---
title: HousePricePredictionApp
emoji: 🏠
colorFrom: pink
colorTo: yellow
sdk: streamlit
sdk_version: 1.21.0
app_file: app.py
pinned: false
---

# CS634Project

Milestone-3 notebook: [[https://colab.research.google.com/drive/17-7A0RkGcwqcJw0IcSvkniDmhbn5SuXe]](https://github.com/aye-thuzar/CS634Project/blob/milestone-3/CS634Project_Milestone3_AyeThuzar.ipynb)(https://colab.research.google.com/drive/1BeoZ4Dxhgd6OcUwPhk6rKCeFnDFMUCmt#scrollTo=TZ4Ci-YXOSl6)

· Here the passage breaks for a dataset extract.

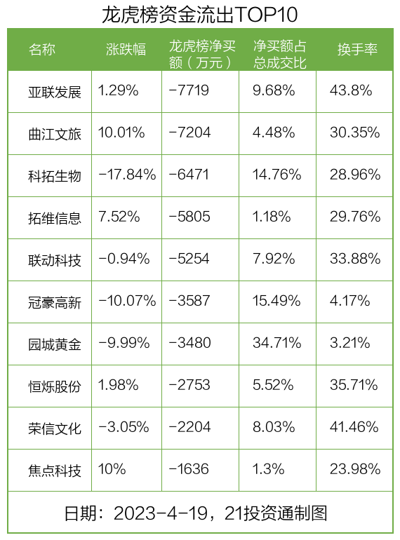 而龙虎榜中资金净流出最多的是亚联发展(002316.SZ),被净卖出为0.77亿元,占总成交金额的9.68%。亚联发展收盘上涨1.29%,换手率为43.8%。

Hugging Face App: https://huggingface.co/spaces/ayethuzar/HousePricePredictionApp

App Demonstration Video: 

***********

Results

***********

XGBoost Model's RMSE: 28986  (Milestone-2)

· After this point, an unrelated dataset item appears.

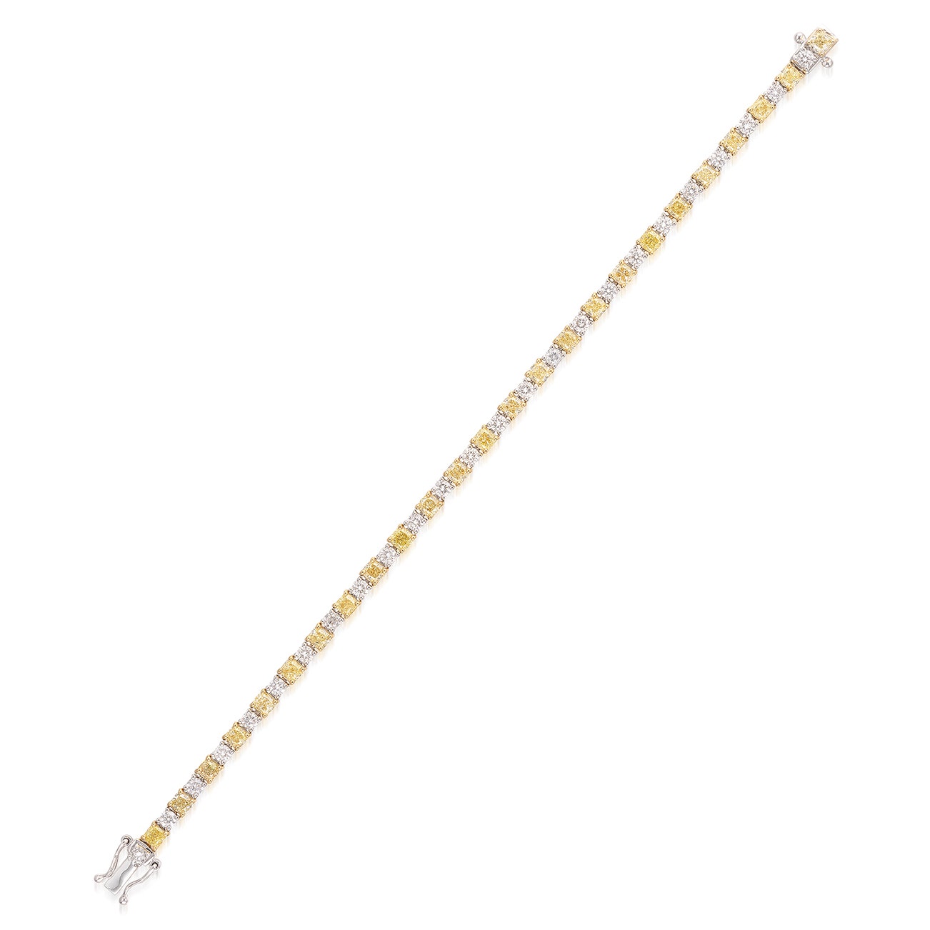 Designed as a line of alternately set cushion-shaped diamonds of yellow tint and brilliant-cut diamonds, mounted in white and yellow gold, length approximately 157 mm.

Baseline LGBM's RMSE: 26233

Optuna optimized LGBM's RMSE: 13799.282803291926

***********

Hyperparameter Tuning with Optuna

************

Total number of trials:  120

Best RMSE score on validation data: 12338.665498601415

**Best params:**

boosting_type :	 goss

reg_alpha :	 3.9731274536451826

reg_lambda :	 0.8825276525195174

colsample_bytree :	 1.0

subsample :	 1.0

learning_rate :	 0.05

max_depth :	 6

num_leaves :	 48

min_child_samples :	 1

***********

## Documentation for Milestone 4

***********

Dataset: https://www.kaggle.com/competitions/house-prices-advanced-regression-techniques/overview

**Data Processing and Feature Selection:**

For the feature selection, I started by dropping columns with a low correlation (< 0.4) with SalePrice. I then dropped columns with low variances (< 1). After that, I checked the correlation matrix between columns to drop selected columns that have a correlation greater than 0.5 but with consideration for domain knowledge. After that, I checked for NAs in the numerical columns. Then, based on the result, I used domain knowledge to fill the NAs with appropriate values. In this case, I used 0 to fill the NAs as it was the most relevant value. As for the categorical NAs, they were replaced with ‘None’. Once, all the NAs were taken care of, I used LabelEncoder to encode the categorical values. I, then, checked for a correlation between columns and dropped them based on domain knowledge.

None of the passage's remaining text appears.